The UK, which has so far resettled only about 143 refugees from the region as well as offering asylum to some 4000 refugees who were already in the country, has variously argued that resettlement is too expensive, not a sustainable solution for such a huge refugee population, and that it is best to support refugees in the region. While this may be true and the UK should be commended for its leading aid effort, it should not shirk its responsibility on resettlement.

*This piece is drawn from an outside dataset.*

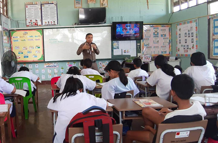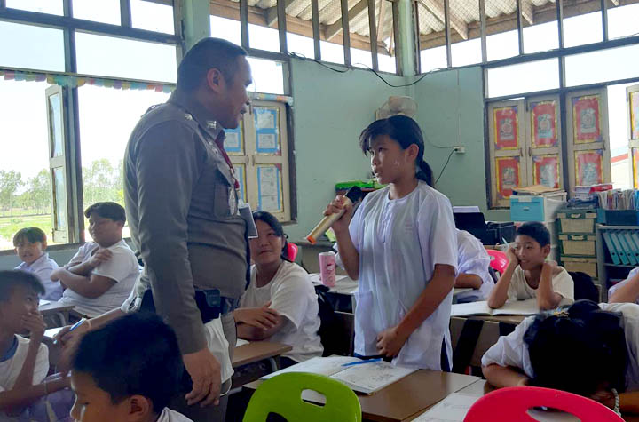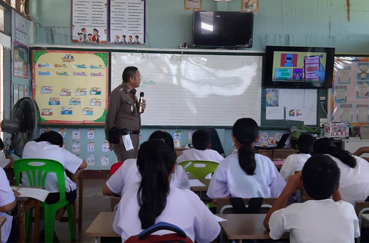 โครงการการศึกษาเพื่อต่อต้านการใช้ยาเสพติดในเด็กนักเรียน (D.A.R.E.) 2 มิถุนายน 2023 โดย admin / ข่าวประชาสัมพันธ์ รายงานการเข้าสอนโครงการ D.A.R.E. วันนี้ (2 มิ.ย.2566) เวลา 10.30-11.30 น. โดยการอำนวยการของพ.ต.อ.ประเสริฐ ธรรมชัย ผกก.สภ.ท่าบ่อ พ.ต.ท.อรรถวิทย์ กันยา รอง ผกก.ป.สภ.ท่าบ่อมอบหมายให้ พ.ต.ท.ทวีศักดิ์ จันทร์เรือง สว.อก.สภ.ท่าบ่อ/ครูตำรวจแดร์ เข้าสอนตามโครงการการศึกษาเพื่อต่อต้านการใช้ยาเสพติดในเด็กนักเรียน (โครงการ D.A.R.E.ประเทศไทย) แก่นักเรียนชั้นประถมศึกษาปีที่ 5,6 จำนวน 27 คน ในบทที่ 1 เรื่อง วัตถุประสงค์และภาพรวมของหลักสูตร D.A.R.E. พร้อมทั้งบรรยายให้ความรู้ป้องกันการล่วงละเมิดทางเพศต่อเด็กในโลกออนไลน์ (D.A.R.E.2C.A.R.E.) ที่โรงเรียนบ้านโพนพระ ต.โคกคอน อ.ท่าบ่อ จว.หนองคาย โดยได้รับความร่วมมือจากผู้บริหาร คุณครู และนักเรียนให้ความสนใจเป็นอย่างดี

It should offer a lifeline to many more of the most vulnerable refugee men, women and children.
Oxfam together with the British Refugee Council, Amnesty International, Save the Children and others have called on rich countries to take five per cent of the total refugee population, which in the UK would equate to offering resettlement to around 10,000 refugees from Syria (see report here and a celebrity letter to Cameron here).
Ultimately, of course, a political solution is needed. I spoke recently to a Syrian peace activist who said that Syria was still waiting for its ‘Rwanda moment’. By that, he meant that there needed to be a groundswell of global moral outrage so great that it would be impossible for the world to ignore what was happening and do all it can to stop it.
To be honest, I’ve been struggling with this, as surely that moment has long gone. If the death of over 200,000 people including thousands of children isn’t enough, then what is? But giving up isn’t an option for Syrians and it’s not an option for us either. We must continue to shine a spotlight on Syria and build the political resolve to end the bloodshed (you can take action here).